▸ **WORK ITEM**
In the listing below, find the line containing "The document discusses" and the line containing "农业逐步走上高质量发展道路。", then copy exactly everything from the first through the second, except the pictures.

▸ **RECORDS PROVIDED**
• • • • • • •

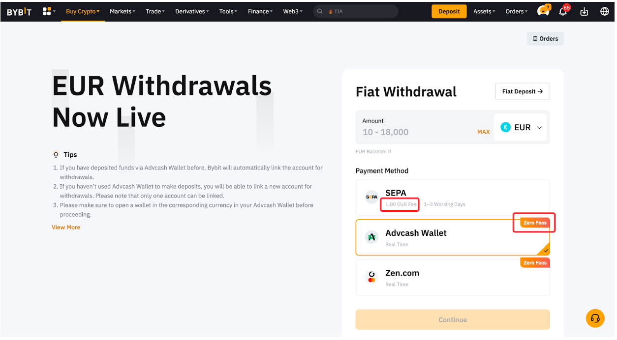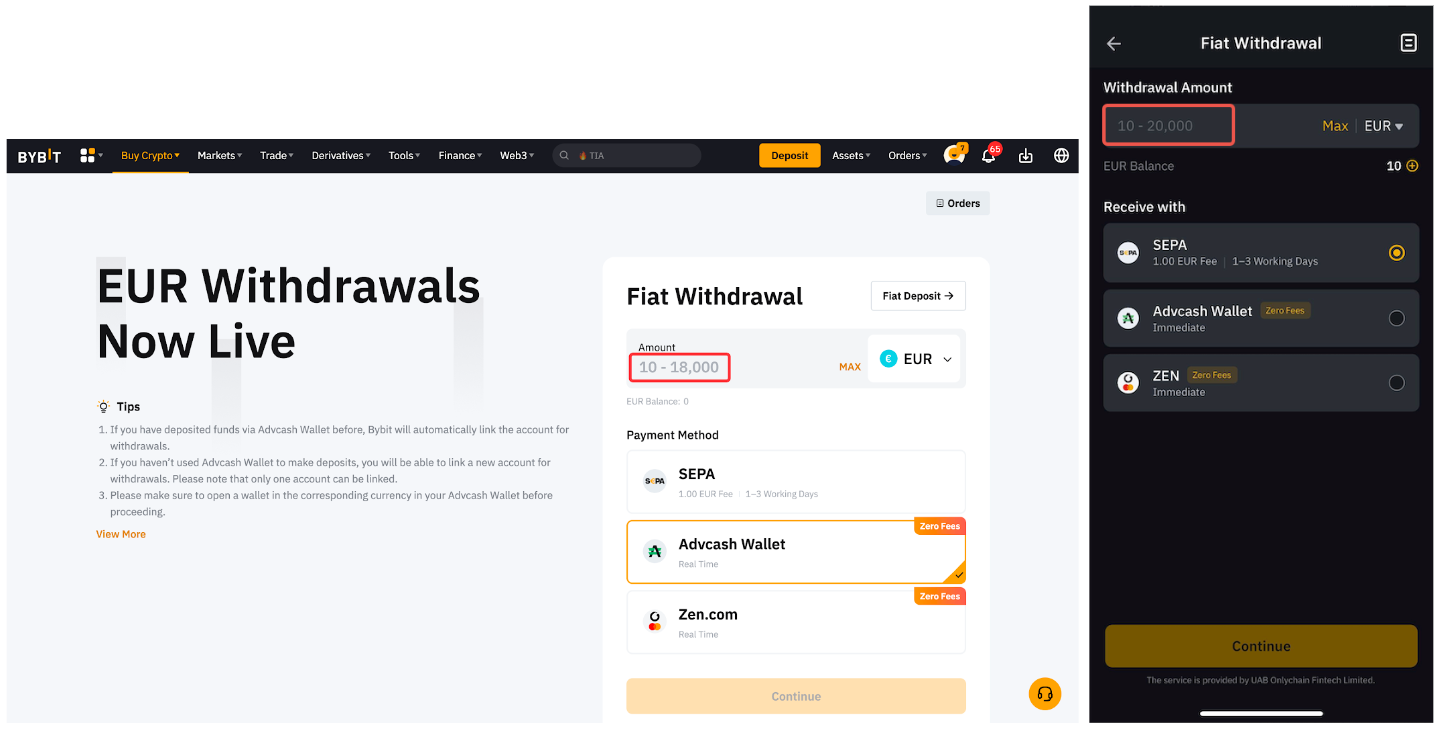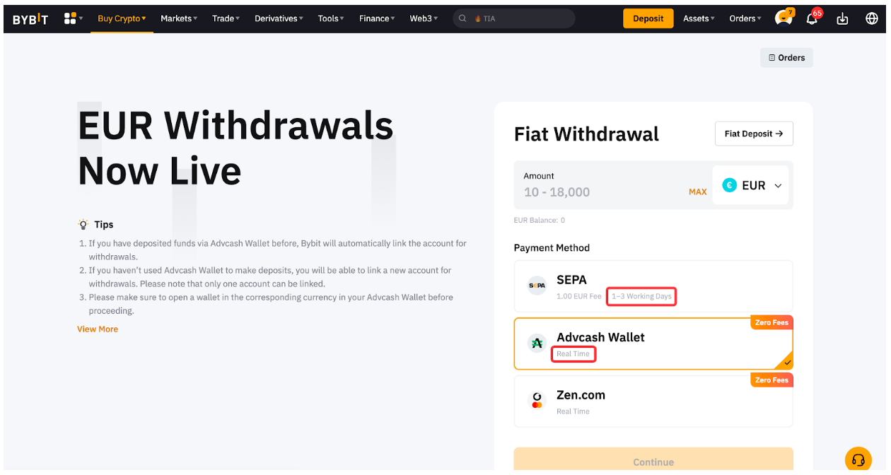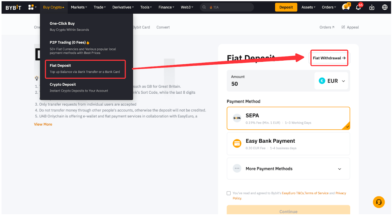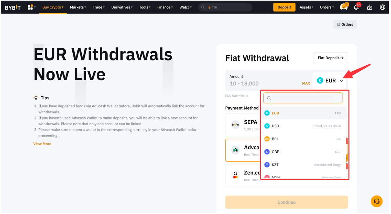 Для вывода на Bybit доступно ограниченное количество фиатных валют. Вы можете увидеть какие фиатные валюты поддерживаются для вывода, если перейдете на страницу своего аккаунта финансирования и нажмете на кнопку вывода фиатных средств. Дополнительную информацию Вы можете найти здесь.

• • • • • • •

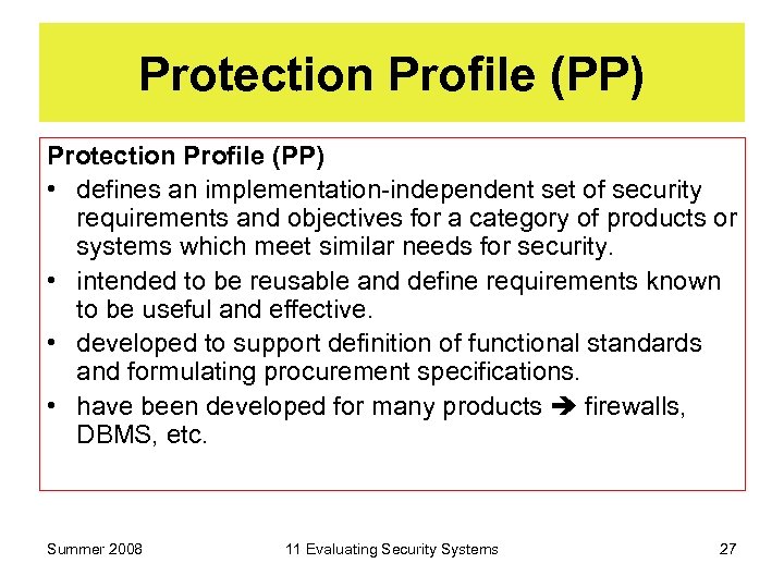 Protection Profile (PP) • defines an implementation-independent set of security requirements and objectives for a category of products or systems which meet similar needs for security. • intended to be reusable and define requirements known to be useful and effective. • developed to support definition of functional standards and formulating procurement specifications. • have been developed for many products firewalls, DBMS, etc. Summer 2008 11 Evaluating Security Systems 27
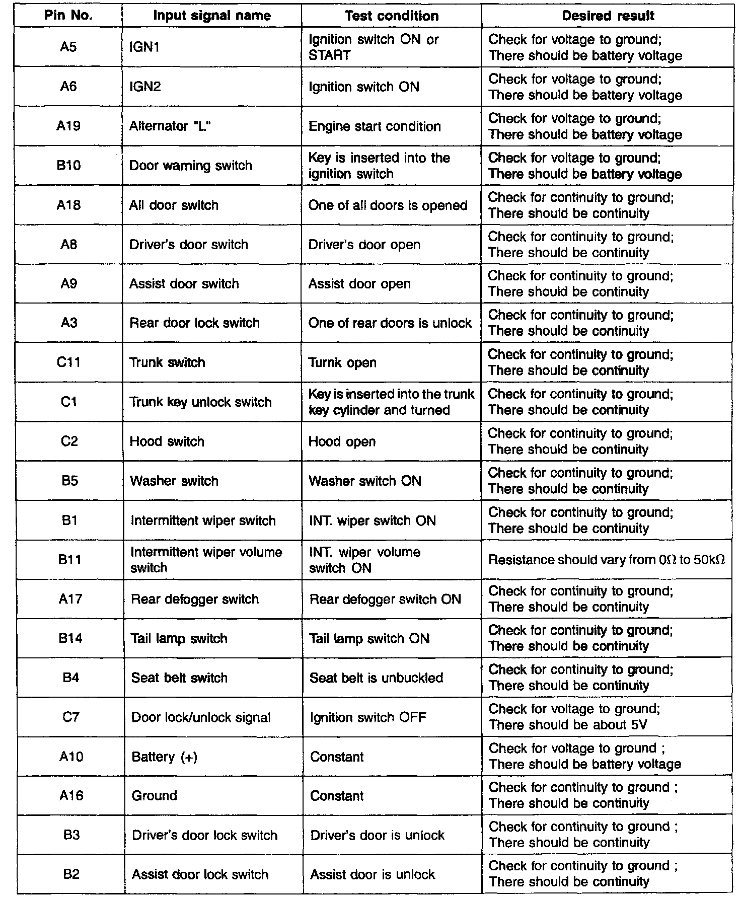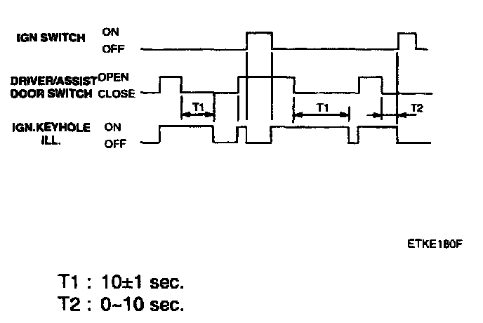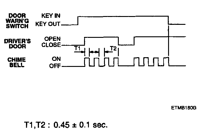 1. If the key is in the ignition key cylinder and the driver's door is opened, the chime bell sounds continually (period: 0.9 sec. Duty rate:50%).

• • • • • • •

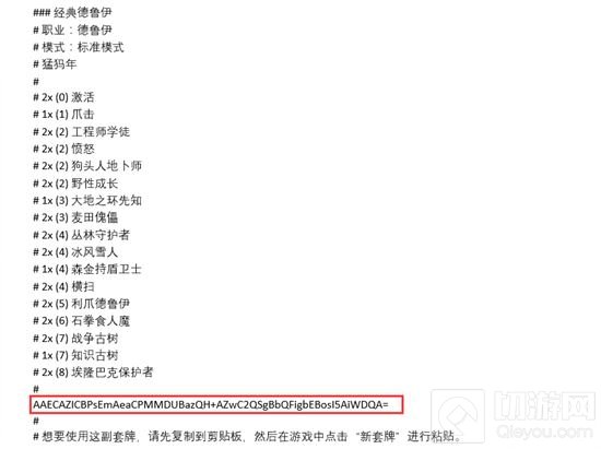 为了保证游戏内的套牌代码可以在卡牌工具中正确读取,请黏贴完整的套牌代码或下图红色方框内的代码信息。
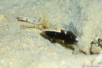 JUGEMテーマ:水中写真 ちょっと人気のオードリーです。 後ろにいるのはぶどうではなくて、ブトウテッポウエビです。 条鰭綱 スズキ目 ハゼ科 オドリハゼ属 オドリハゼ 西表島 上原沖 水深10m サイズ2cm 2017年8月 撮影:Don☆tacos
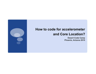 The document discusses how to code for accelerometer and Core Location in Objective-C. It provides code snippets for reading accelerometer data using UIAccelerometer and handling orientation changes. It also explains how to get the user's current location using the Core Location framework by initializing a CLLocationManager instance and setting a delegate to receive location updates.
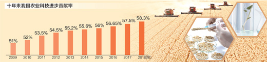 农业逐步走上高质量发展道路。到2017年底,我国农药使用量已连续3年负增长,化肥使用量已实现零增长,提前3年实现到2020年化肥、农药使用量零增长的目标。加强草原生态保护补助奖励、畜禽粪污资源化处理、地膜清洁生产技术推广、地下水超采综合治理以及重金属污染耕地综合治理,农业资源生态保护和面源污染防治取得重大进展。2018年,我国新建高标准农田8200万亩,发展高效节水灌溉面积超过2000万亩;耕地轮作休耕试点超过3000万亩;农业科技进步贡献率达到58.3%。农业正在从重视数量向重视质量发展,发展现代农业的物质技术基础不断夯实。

• • • • • • •

▸ **REPLY TO THE EXERCISE**
 The document discusses how to code for accelerometer and Core Location in Objective-C. It provides code snippets for reading accelerometer data using UIAccelerometer and handling orientation changes. It also explains how to get the user's current location using the Core Location framework by initializing a CLLocationManager instance and setting a delegate to receive location updates.
 农业逐步走上高质量发展道路。到2017年底,我国农药使用量已连续3年负增长,化肥使用量已实现零增长,提前3年实现到2020年化肥、农药使用量零增长的目标。加强草原生态保护补助奖励、畜禽粪污资源化处理、地膜清洁生产技术推广、地下水超采综合治理以及重金属污染耕地综合治理,农业资源生态保护和面源污染防治取得重大进展。2018年,我国新建高标准农田8200万亩,发展高效节水灌溉面积超过2000万亩;耕地轮作休耕试点超过3000万亩;农业科技进步贡献率达到58.3%。农业正在从重视数量向重视质量发展,发展现代农业的物质技术基础不断夯实。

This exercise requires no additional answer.